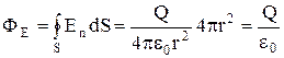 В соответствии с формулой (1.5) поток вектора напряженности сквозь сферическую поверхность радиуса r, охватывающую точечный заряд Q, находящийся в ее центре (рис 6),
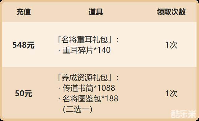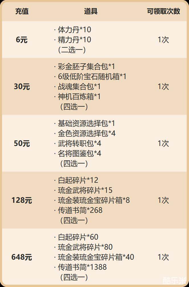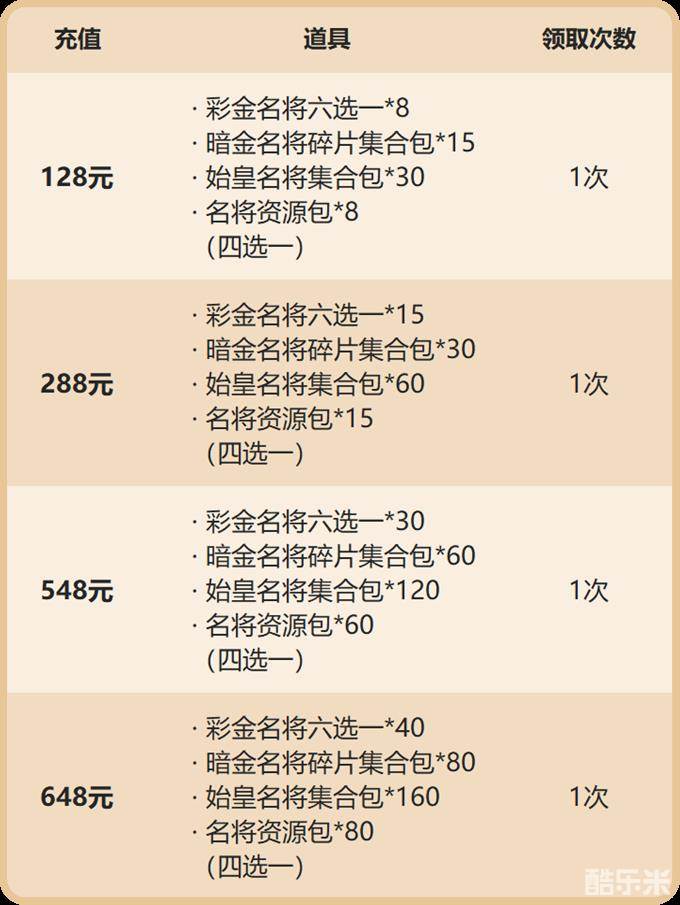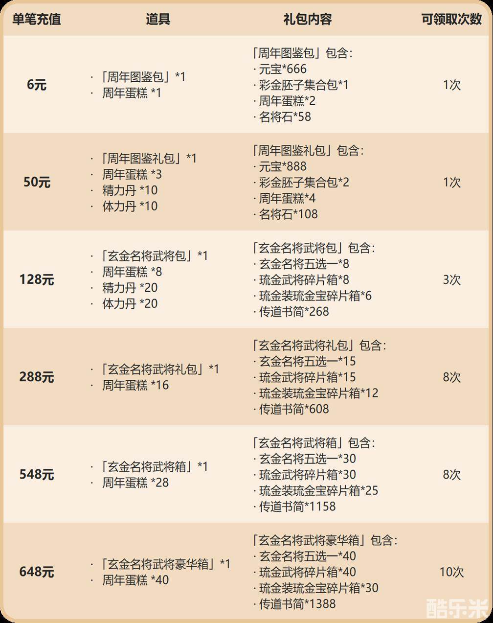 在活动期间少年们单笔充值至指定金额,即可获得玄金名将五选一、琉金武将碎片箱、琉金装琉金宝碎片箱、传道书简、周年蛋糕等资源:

○ ○ ○ ○ ○ ○ ○

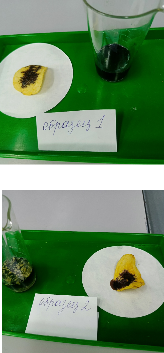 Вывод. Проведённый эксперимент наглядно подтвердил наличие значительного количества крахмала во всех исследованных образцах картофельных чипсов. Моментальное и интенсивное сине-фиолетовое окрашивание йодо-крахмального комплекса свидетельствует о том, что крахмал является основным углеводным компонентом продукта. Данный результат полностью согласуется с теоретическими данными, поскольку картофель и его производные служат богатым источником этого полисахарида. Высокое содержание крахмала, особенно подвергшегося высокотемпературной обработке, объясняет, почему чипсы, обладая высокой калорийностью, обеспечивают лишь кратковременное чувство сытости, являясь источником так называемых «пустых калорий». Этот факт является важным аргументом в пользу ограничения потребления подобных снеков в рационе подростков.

○ ○ ○ ○ ○ ○ ○

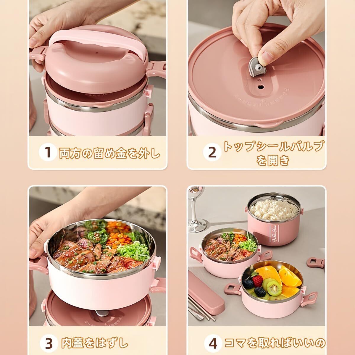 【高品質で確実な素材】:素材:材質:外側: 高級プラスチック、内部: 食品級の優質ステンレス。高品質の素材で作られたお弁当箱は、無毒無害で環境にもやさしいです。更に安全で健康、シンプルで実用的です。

○ ○ ○ ○ ○ ○ ○

Within the entries above, give again exactly the lines starting at the one that contains "В соответствии с" and ending at the one that contains "在活动期间少年们单笔充值至指", leaving out the pictures.

 В соответствии с формулой (1.5) поток вектора напряженности сквозь сферическую поверхность радиуса r, охватывающую точечный заряд Q, находящийся в ее центре (рис 6),
 在活动期间少年们单笔充值至指定金额,即可获得玄金名将五选一、琉金武将碎片箱、琉金装琉金宝碎片箱、传道书简、周年蛋糕等资源:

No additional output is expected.